|The cast of American Hustle|
"Sometimes all you have in life are fucked-up, poisonous choices."
Irving Rosenfeld (Christian Bale) is a married con artist/loan shark with a really elaborate comb-over who works with his lover, Sydney (Amy Adams), in conning desperate and larcenous people out of their money. They get caught by arrogant, ambitious agent Richie DiMaso (Bradley Cooper), who tells them they can stay out of jail if they help him in a sting operation. The target for entrapment is Atlantic City mayor Carmine Polito (Jeremy Renner of Mission Impossible -- Ghost Protocol), who needs money to bring gambling to AC [this takes place in the late seventies]. When Polito begins making deals with gambling experts who happen to be mobsters, such as Victor Tellegio (Robert De Niro), Richie, who begins an affair with Sydney, figures he can bring down even bigger fish than Polito.
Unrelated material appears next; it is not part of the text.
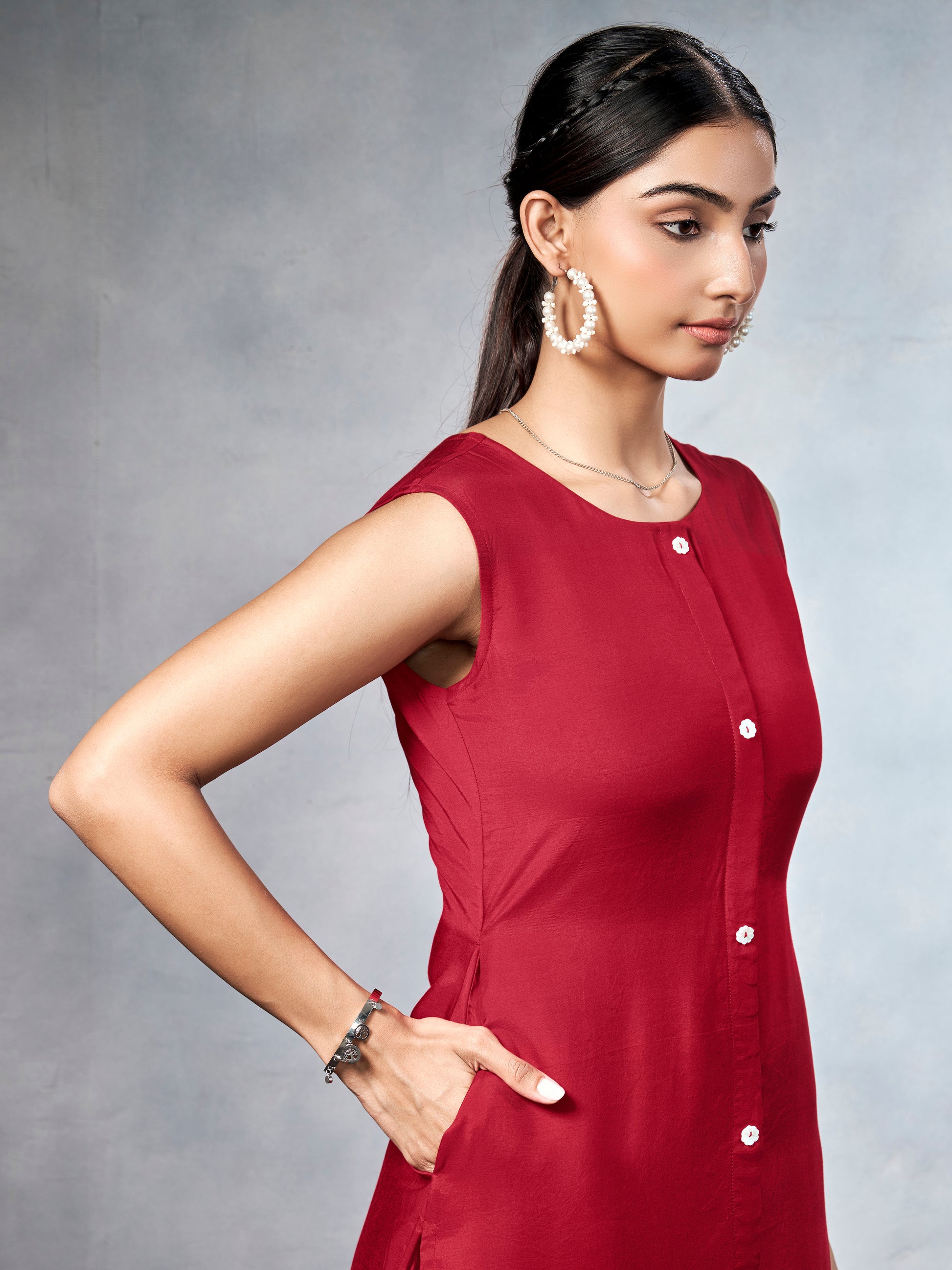 Elegant Red three-piece co-ord set featuring a kurta, pants, and a full-sleeve jacket. The kurta can be styled as cut sleeves and is adorned with buttons down the front, adding a sophisticated touch. The full-sleeve jacket elevates the overall look, making this set perfect for casual outings, office wear, or semi-formal occasions.

Realizing they are the ones the gangsters will go after when the whole thing blows up, Irving and Sydney come up with a secret counter-scheme, but will Irving's jealous wife, Rosalyn (Jennifer Lawrence), cause more problems than they can handle? American Hustle is an okay movie with some clever moments and a fairly satisfying ending, but it's incredible that it won an Oscar as Best Picture -- all four lead actors won Oscars as well -- proving that studio backing and aggressiveness can and often is more responsible for the garnering of awards than genuine quality. The acting is okay [but never outstanding] for the most part -- one could single out Bale [American Psycho] for his character role -- but the cast members all seem to be exuding personality in a naturalistic manner rather than acting [a common occurrence in modern-day movies]. Also the movie is played as a black comedy, which is also typical of many new movies, and has not a single likable character. It also has senseless scenes, such as a girl-on-girl kiss between wife and startled mistress in a ladies room, that seem thrown in for titillation and nothing else. American Hustle also tells an 80 minute story in two and a half hours! It in no way compares to great con man/film noir classics of the past such as Too Late for Tears/Killer Bait.
Verdict: This isn't terrible, but a masterpiece with truly great acting it is not. **1/2.